§ INSTRUCTIONS FOR THE TASK
Beginning with the line that holds "Be Grateful Ceramic Spoon Rest Hebrews 12 28", copy each line to the end of the records exactly, except the pictures.

*** DATA EXTRACT

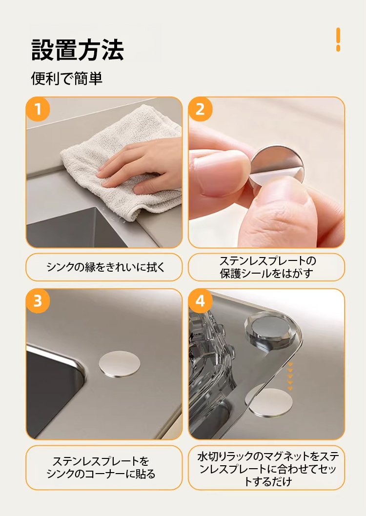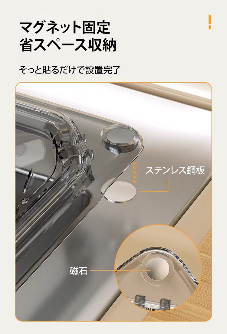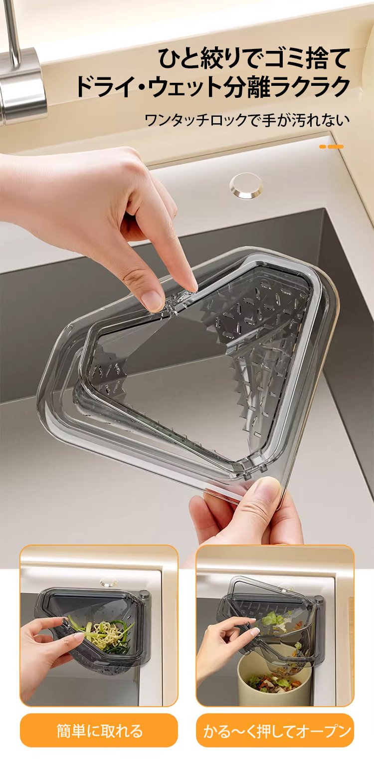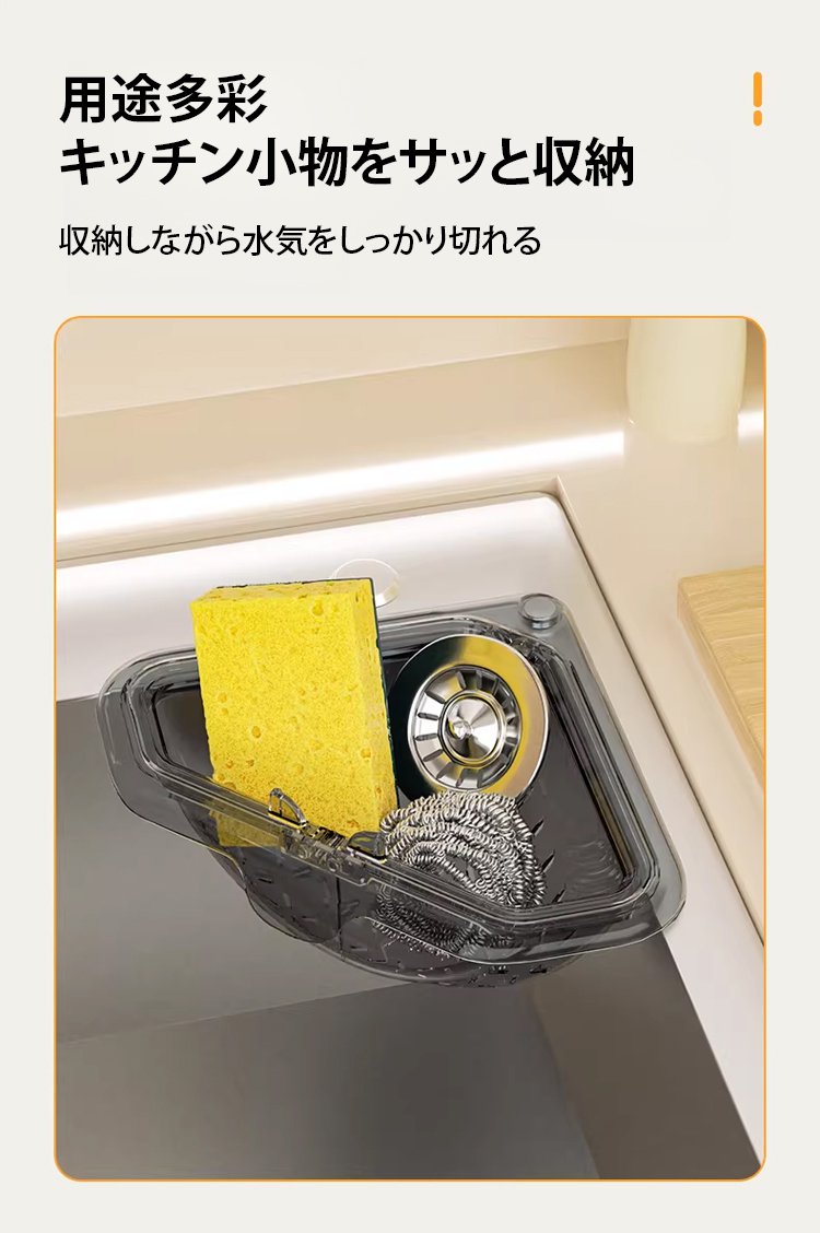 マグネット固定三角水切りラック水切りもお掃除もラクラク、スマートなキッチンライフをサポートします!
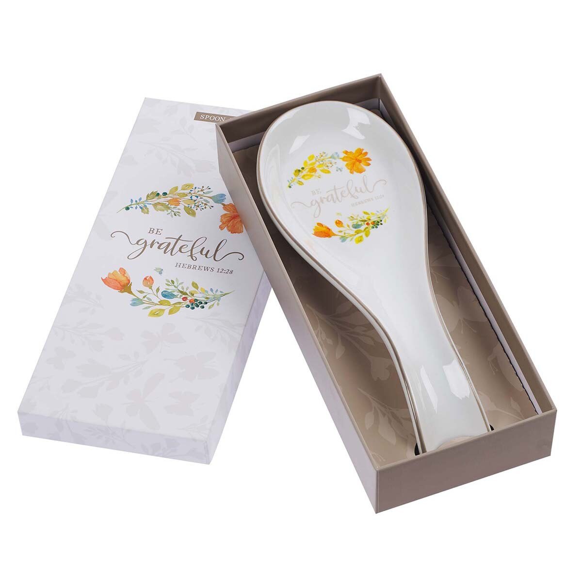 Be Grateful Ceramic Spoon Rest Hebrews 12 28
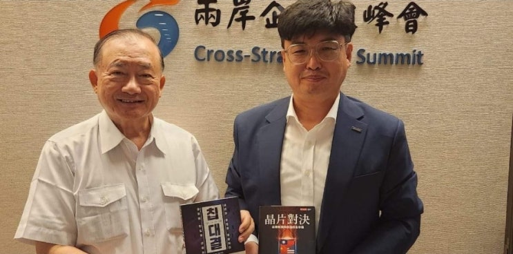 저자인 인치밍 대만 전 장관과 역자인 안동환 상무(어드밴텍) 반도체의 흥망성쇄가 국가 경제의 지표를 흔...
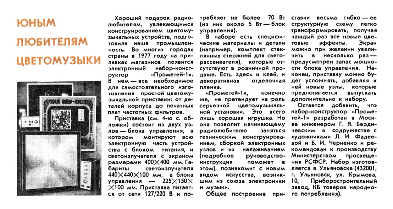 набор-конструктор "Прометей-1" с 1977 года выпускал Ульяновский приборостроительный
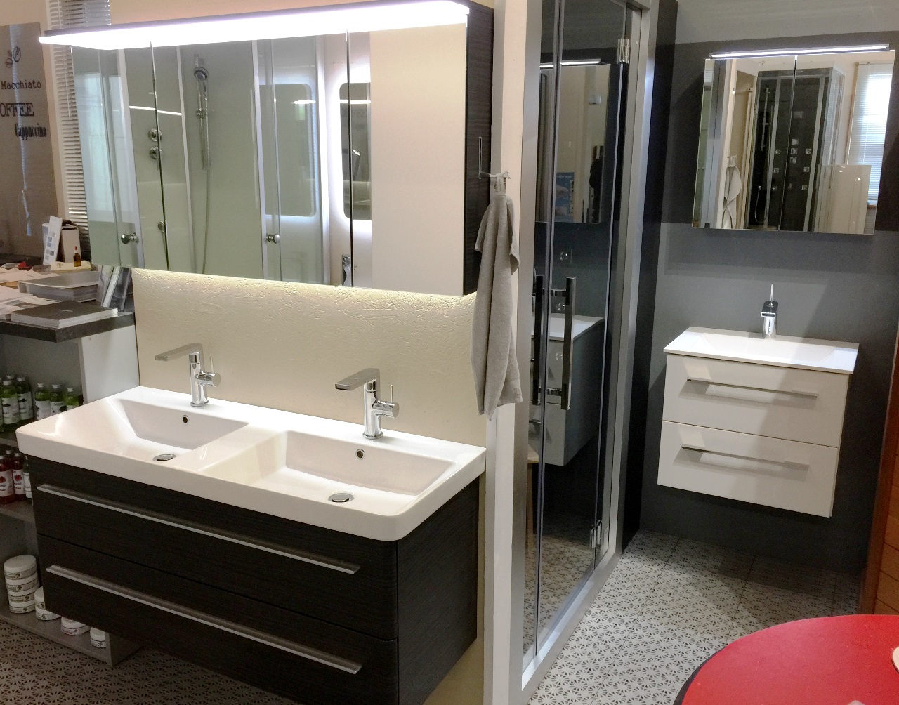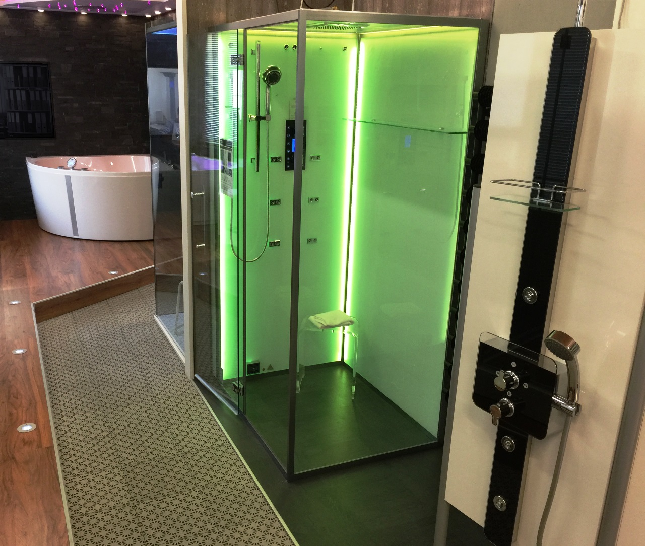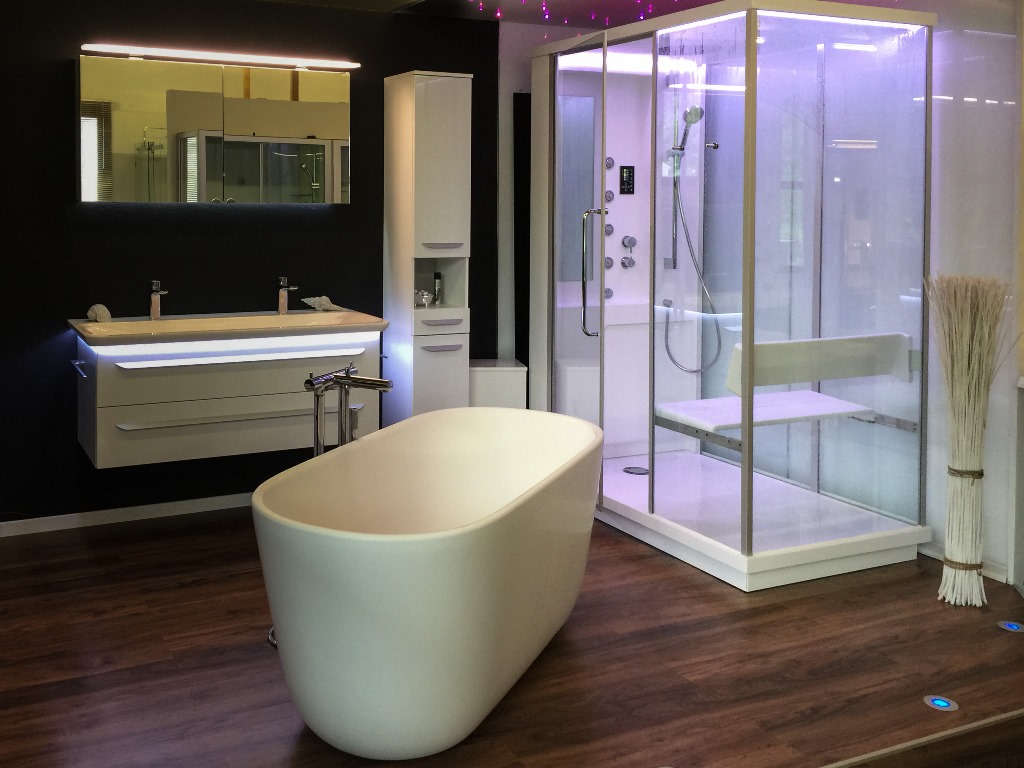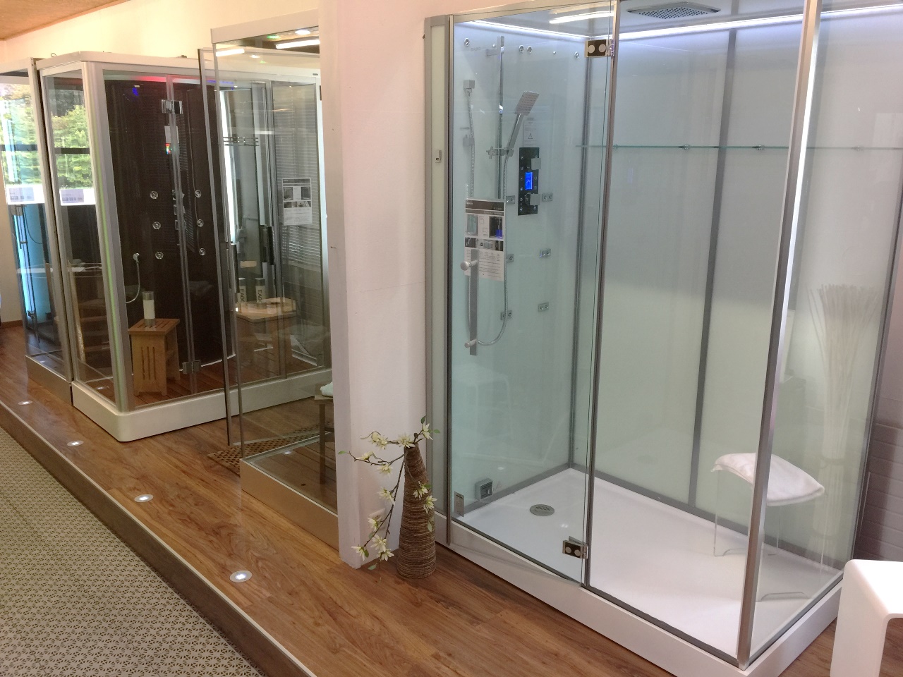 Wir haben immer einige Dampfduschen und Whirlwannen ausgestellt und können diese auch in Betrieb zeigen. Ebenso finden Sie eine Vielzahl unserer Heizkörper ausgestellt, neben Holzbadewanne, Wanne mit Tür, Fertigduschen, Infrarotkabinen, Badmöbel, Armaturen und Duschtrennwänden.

******

§ ANSWER TO THE EXERCISE
 Be Grateful Ceramic Spoon Rest Hebrews 12 28
 저자인 인치밍 대만 전 장관과 역자인 안동환 상무(어드밴텍) 반도체의 흥망성쇄가 국가 경제의 지표를 흔...
 набор-конструктор "Прометей-1" с 1977 года выпускал Ульяновский приборостроительный
 Wir haben immer einige Dampfduschen und Whirlwannen ausgestellt und können diese auch in Betrieb zeigen. Ebenso finden Sie eine Vielzahl unserer Heizkörper ausgestellt, neben Holzbadewanne, Wanne mit Tür, Fertigduschen, Infrarotkabinen, Badmöbel, Armaturen und Duschtrennwänden.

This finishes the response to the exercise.